Shares in PayPal (PYPL) experienced a slight drop as the company’s Q2 earnings and revenue only marginally surpassed estimates. Despite this, the company’s Q3 profit outlook narrowly exceeded expectations. As the search for a new CEO continues, the current CEO, Dan Schulman, announced plans to retire at the end of 2023.
One concerning aspect of PayPal’s Q2 performance was the 7% year-over-year decline in transactional gross profit, which fell short of Street estimates. However, there was some positive news as total payment volume from merchant customers increased by 11% to $376.5 billion.
Unfortunately, PayPal did report a decrease in users during Q2, with a decline of 2.5 million, bringing the total number of users to 431 million. Analysts have been closely watching the CEO search as a potential factor affecting the stock.

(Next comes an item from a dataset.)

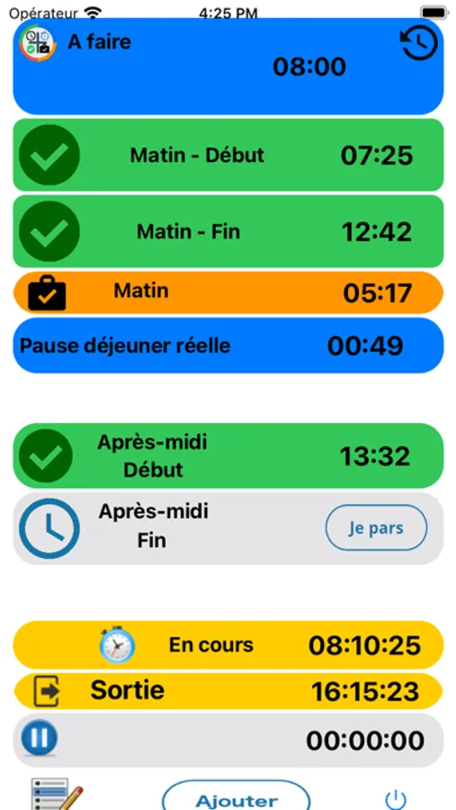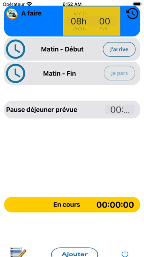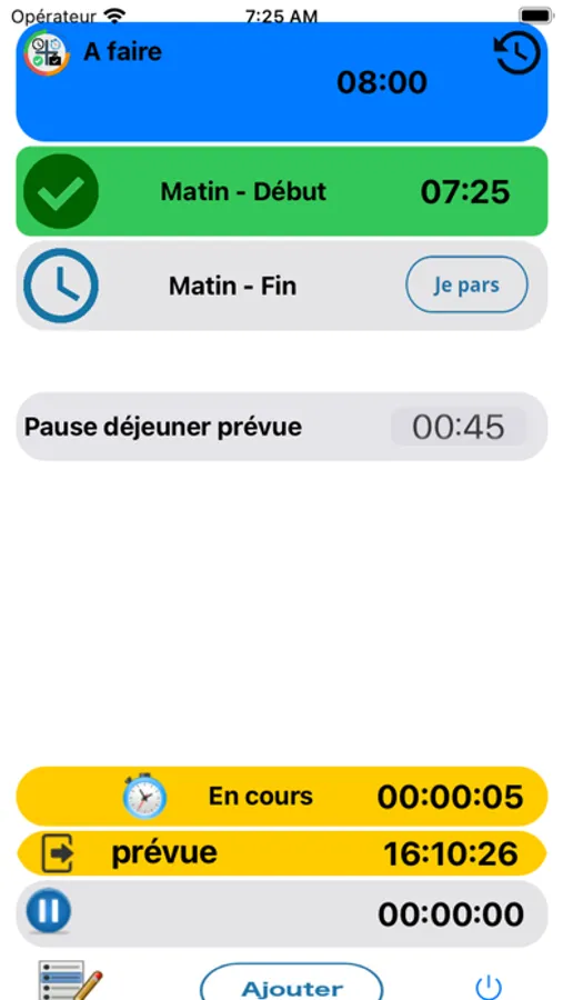 Elle vous indiquera l'heure de votre départ théorique dès que vous aurez déclenché le bouton "j'arrive" du matin. Cette heure de travail théorique est remise à jour au fur à mesure des pauses enregistrées et cumulées.

Notably, PayPal faces competition from Square-parent Block and other companies in the mobile payments market. This competitive landscape could impact PayPal’s future growth and market share.
Considering its stock performance, PayPal has only seen a modest 2% increase in 2023 so far, following a significant decline in 2022. Furthermore, shares have pulled back from their all-time high reached in July 2021.
According to IBD Stock Checkup, PayPal’s stock holds a Relative Strength Rating of 25 out of 99. This rating suggests that the stock’s performance has been weaker compared to other stocks in the market.
Overall, while PayPal’s Q2 results may have disappointed some investors, the company’s Q3 profit outlook shows promise. The ongoing CEO search and competition in the mobile payments market are important factors to watch in the coming months. As PayPal continues its journey, investors will closely monitor its performance and potential for growth.